Exercise objective:
Beginning at the top of the entries below, retype each line exactly until the line containing "Ajustement du temps" has been written out; include no pictures and no later lines.

Data records:
+ + + + +
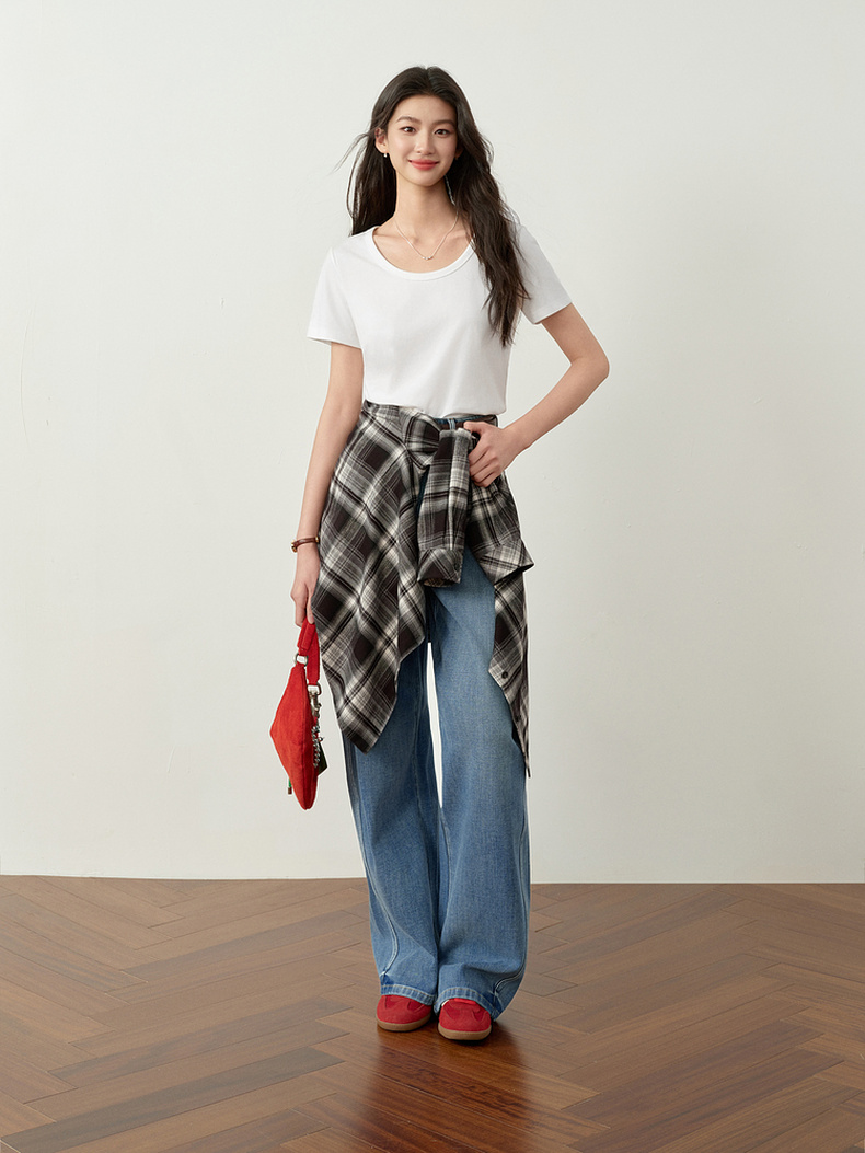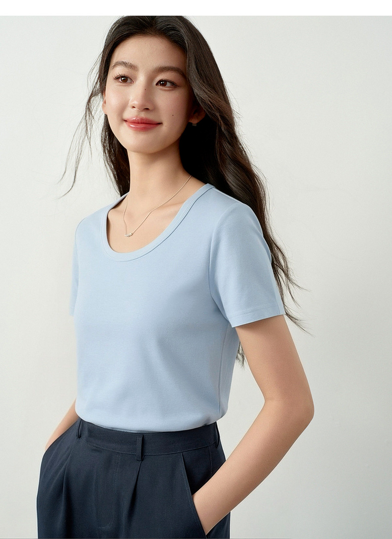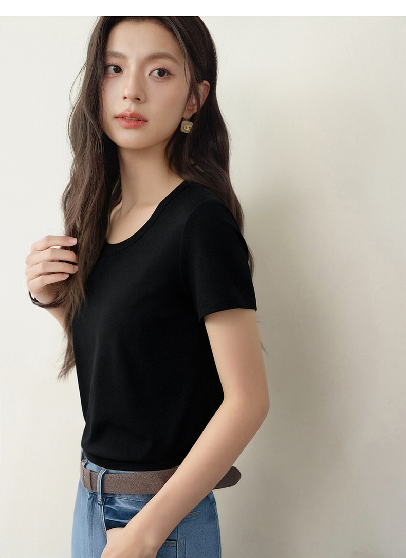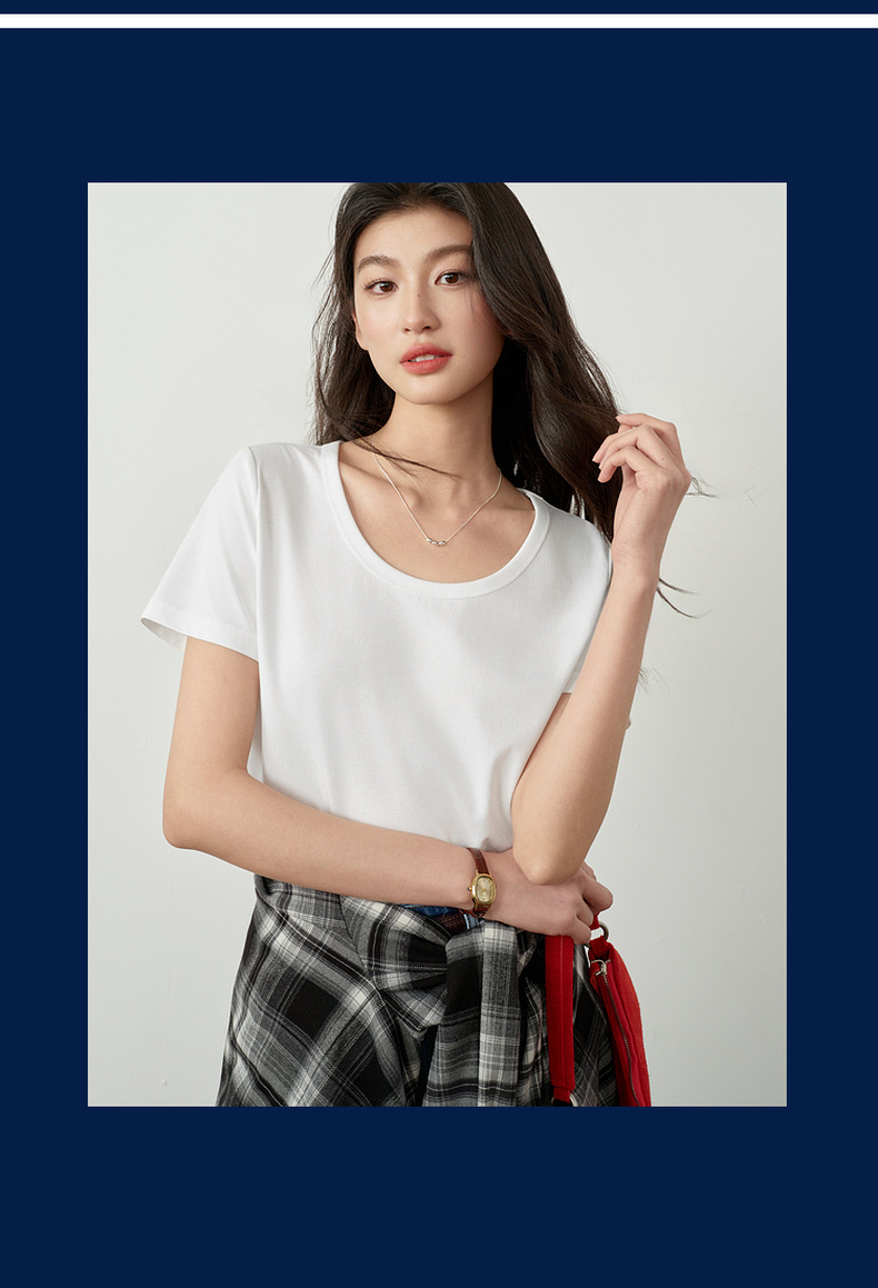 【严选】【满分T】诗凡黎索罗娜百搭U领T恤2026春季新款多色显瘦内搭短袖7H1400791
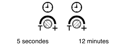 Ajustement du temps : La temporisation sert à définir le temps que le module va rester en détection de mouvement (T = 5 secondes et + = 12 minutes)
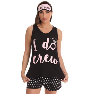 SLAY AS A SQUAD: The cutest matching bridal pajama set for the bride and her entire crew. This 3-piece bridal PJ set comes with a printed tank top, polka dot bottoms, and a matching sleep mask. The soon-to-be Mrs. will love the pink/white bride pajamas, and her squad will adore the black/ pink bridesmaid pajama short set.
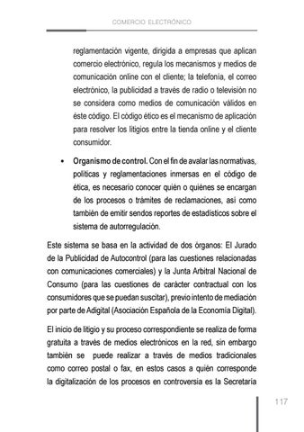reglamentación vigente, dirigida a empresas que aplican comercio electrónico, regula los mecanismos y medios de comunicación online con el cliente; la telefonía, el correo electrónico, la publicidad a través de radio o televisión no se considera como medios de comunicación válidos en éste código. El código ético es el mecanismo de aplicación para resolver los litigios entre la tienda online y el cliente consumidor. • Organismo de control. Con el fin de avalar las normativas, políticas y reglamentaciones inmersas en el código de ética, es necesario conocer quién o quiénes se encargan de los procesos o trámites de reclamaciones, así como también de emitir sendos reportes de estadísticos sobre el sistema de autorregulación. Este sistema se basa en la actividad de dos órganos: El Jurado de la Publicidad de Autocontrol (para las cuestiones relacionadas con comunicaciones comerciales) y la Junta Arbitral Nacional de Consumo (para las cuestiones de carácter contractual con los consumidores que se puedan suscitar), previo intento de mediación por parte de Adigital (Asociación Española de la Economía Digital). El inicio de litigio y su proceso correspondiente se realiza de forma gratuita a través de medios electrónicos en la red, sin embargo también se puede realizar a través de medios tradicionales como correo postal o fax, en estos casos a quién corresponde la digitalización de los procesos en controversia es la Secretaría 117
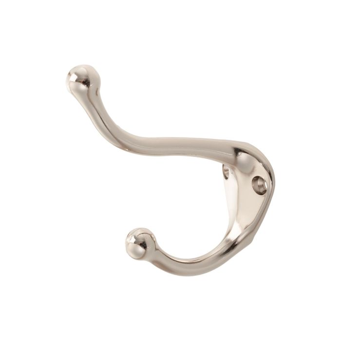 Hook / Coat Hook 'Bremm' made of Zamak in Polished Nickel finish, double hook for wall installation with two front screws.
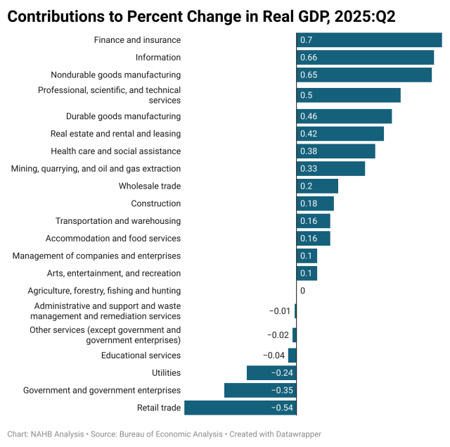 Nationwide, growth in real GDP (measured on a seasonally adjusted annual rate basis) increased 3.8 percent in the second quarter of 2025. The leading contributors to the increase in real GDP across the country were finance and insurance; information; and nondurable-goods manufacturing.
+ + + + +
Solution:
 【严选】【满分T】诗凡黎索罗娜百搭U领T恤2026春季新款多色显瘦内搭短袖7H1400791
 Ajustement du temps : La temporisation sert à définir le temps que le module va rester en détection de mouvement (T = 5 secondes et + = 12 minutes)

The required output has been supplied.